All of the data below should come back exactly as written, minus its images.

#### [Raw data]
★ ★ ★ ★ ★ ★ ★

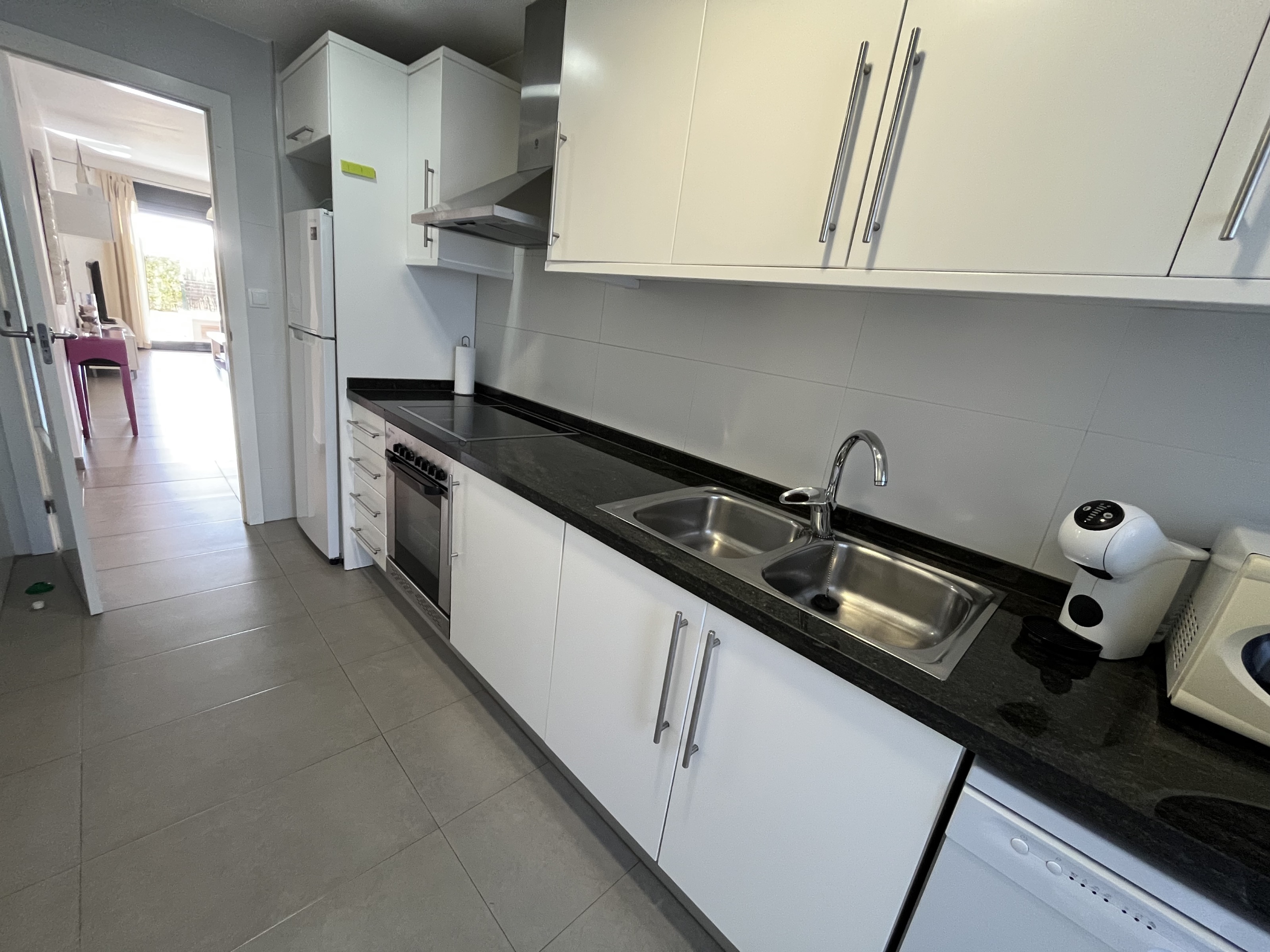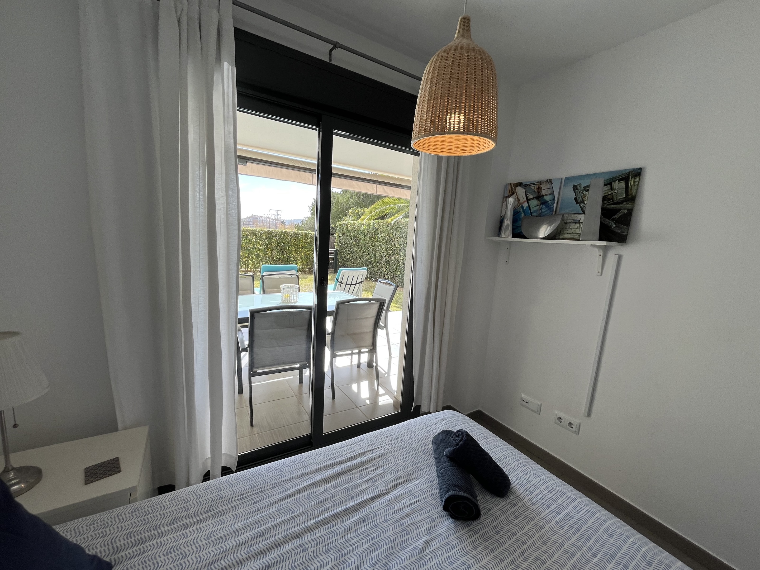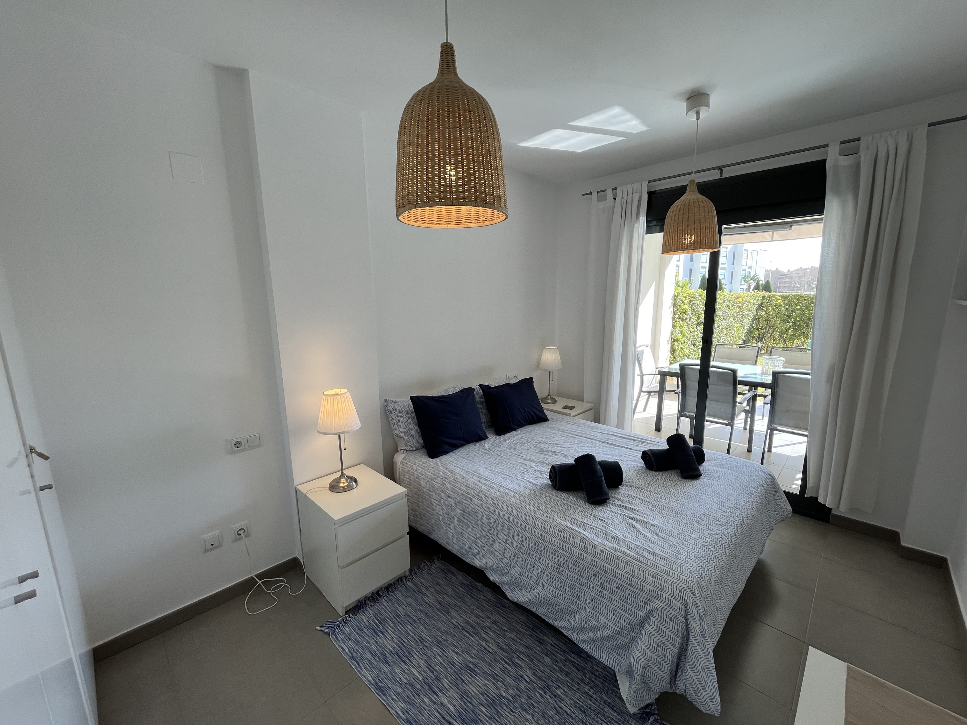 The bright living room opens directly onto a private garden, perfect for outdoor dining or relaxing in the sun all year round. Residents enjoy access to a large communal swimming pool, located in well-maintained communal grounds.
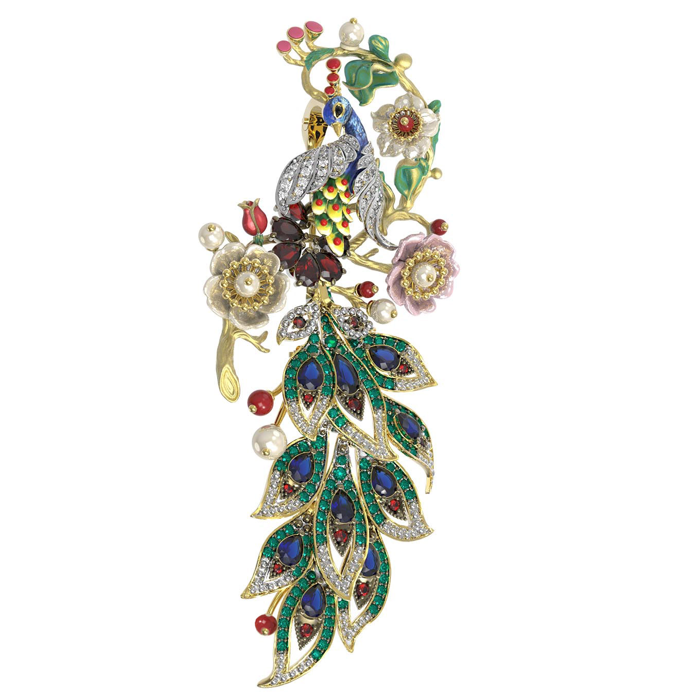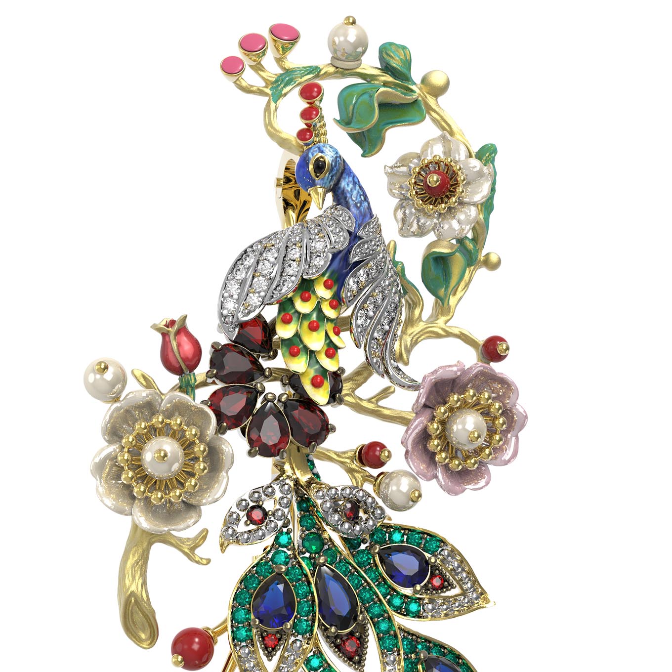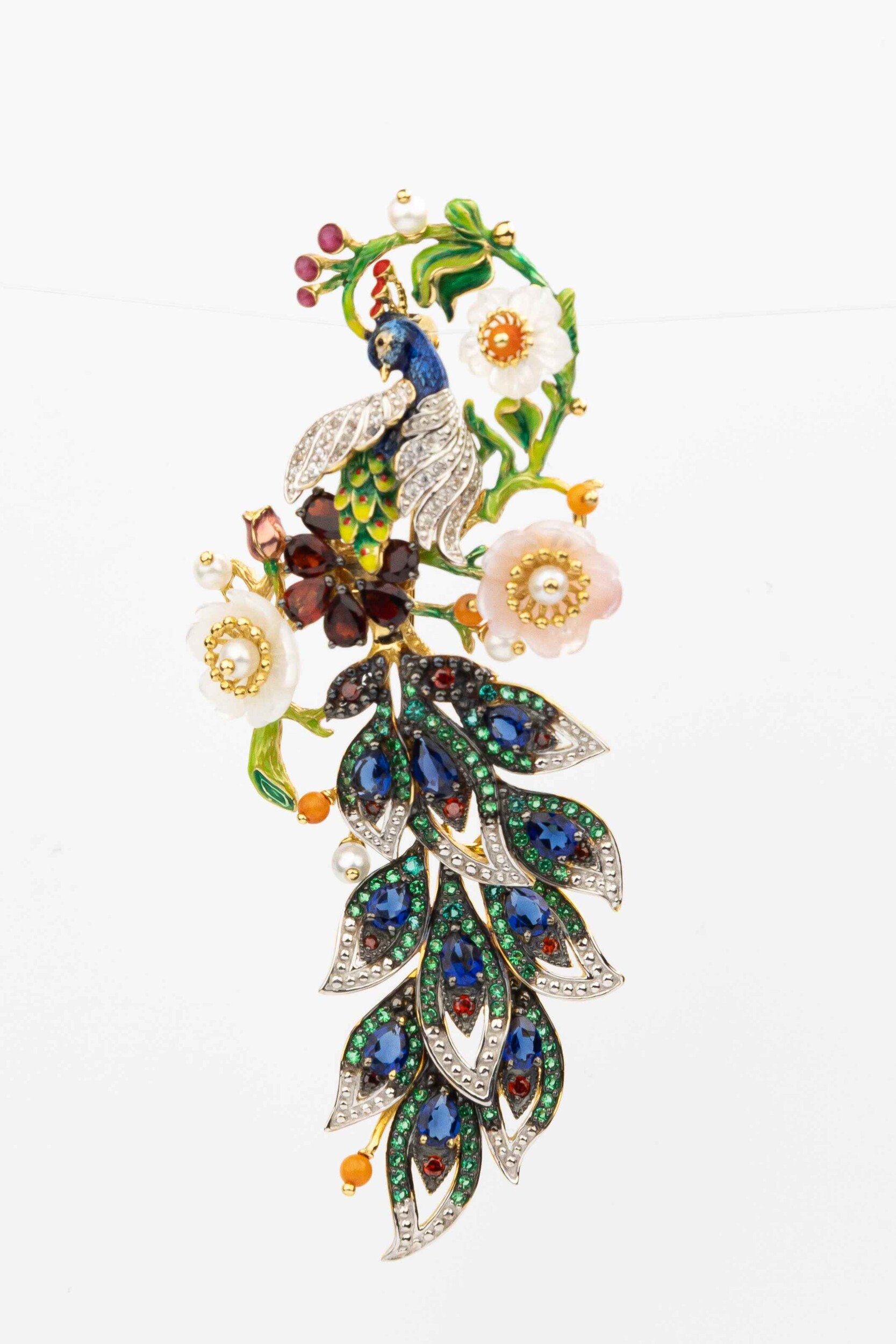 Ювелирная композиция поражает богатством декора: брошь украшают 172 вставки, среди которых благородные гранаты, нежные жемчужины, изысканный коралл и перламутр, глубокие сапфиры и сверкающие фианиты. Яркие акценты расставляет эмаль, добавляя изделию художественной глубины и выразительности. Форма вставок — круглая, грушевидная и бусины — гармонично переплетается в сложном узоре, создавая эффектный цветовой микс из белых, красных, синих и перламутровых оттенков.
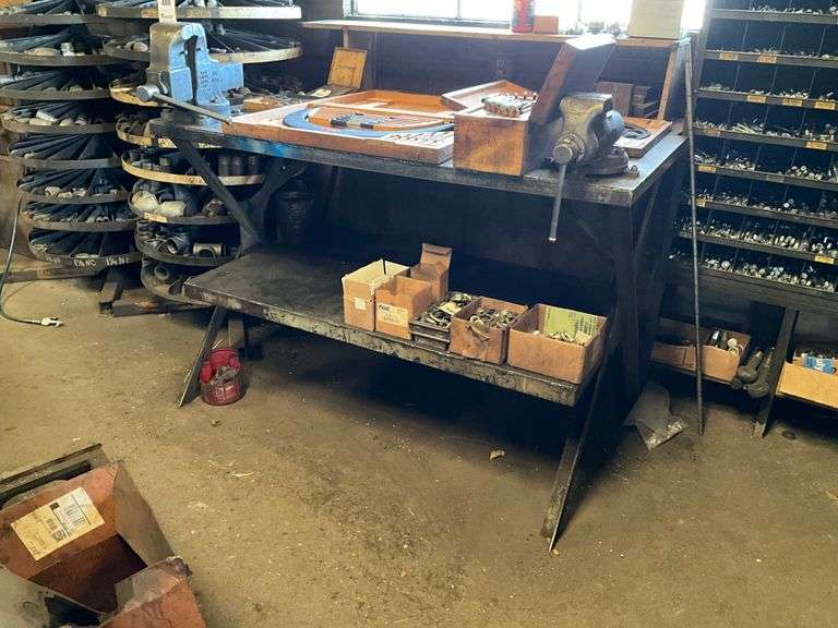 55" x 44" x 40" Tall. Ridge 4.5" Vise, Wilton 4" Vise, 3/8" Top
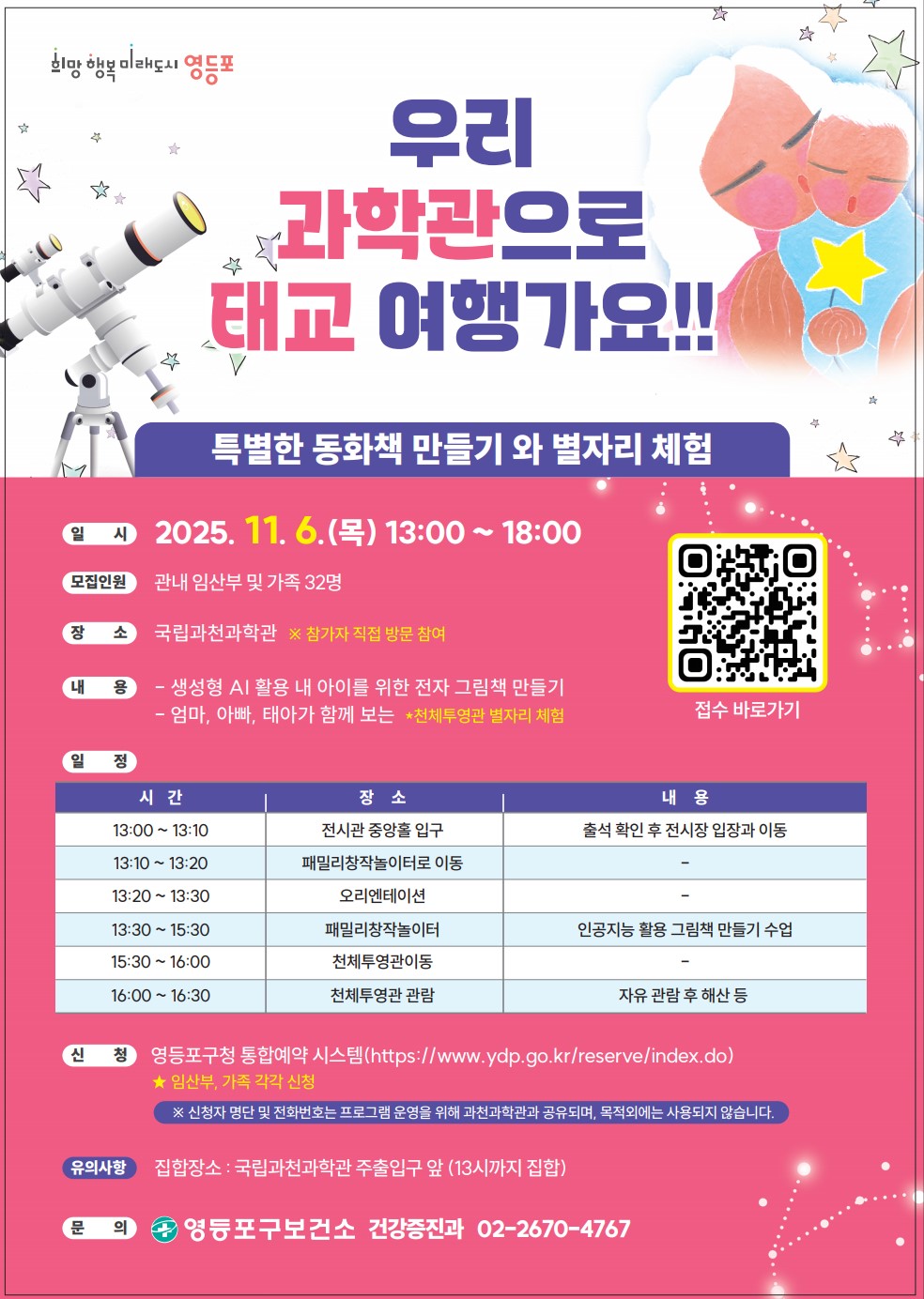 - 나만의 동화책 만들기 와 별자리 체험 - □ 모집대상: 임산부 및 가족 32명 ※ 임산부, 가족 각각 신청 □ 일 시: 2025. 11. 6.(목) 13:00 ~ 18:00 □ 장 소: 국립 과천과학관(과천시 상하별로 110) ※ 과학관까지 개별 이동 □ 신 청: 영등포구청 홈페이지 통합예약 서비스 □ 내 용 ○ 생성형 AI를 활용하여 나만의 그림책 만들기 ○ 태아와 함께 보는 천체투영관 별자리 체험 □ 신청기간: ~ 11.4.(화) 18시까지(선착순 마감) □ 문의 : 영등포보건소 건강증진과 모자보건팀(02-2670-4767) |

★ ★ ★ ★ ★ ★ ★

#### [Completed task]
 The bright living room opens directly onto a private garden, perfect for outdoor dining or relaxing in the sun all year round. Residents enjoy access to a large communal swimming pool, located in well-maintained communal grounds.
 Ювелирная композиция поражает богатством декора: брошь украшают 172 вставки, среди которых благородные гранаты, нежные жемчужины, изысканный коралл и перламутр, глубокие сапфиры и сверкающие фианиты. Яркие акценты расставляет эмаль, добавляя изделию художественной глубины и выразительности. Форма вставок — круглая, грушевидная и бусины — гармонично переплетается в сложном узоре, создавая эффектный цветовой микс из белых, красных, синих и перламутровых оттенков.
 55" x 44" x 40" Tall. Ridge 4.5" Vise, Wilton 4" Vise, 3/8" Top
 - 나만의 동화책 만들기 와 별자리 체험 - □ 모집대상: 임산부 및 가족 32명 ※ 임산부, 가족 각각 신청 □ 일 시: 2025. 11. 6.(목) 13:00 ~ 18:00 □ 장 소: 국립 과천과학관(과천시 상하별로 110) ※ 과학관까지 개별 이동 □ 신 청: 영등포구청 홈페이지 통합예약 서비스 □ 내 용 ○ 생성형 AI를 활용하여 나만의 그림책 만들기 ○ 태아와 함께 보는 천체투영관 별자리 체험 □ 신청기간: ~ 11.4.(화) 18시까지(선착순 마감) □ 문의 : 영등포보건소 건강증진과 모자보건팀(02-2670-4767) |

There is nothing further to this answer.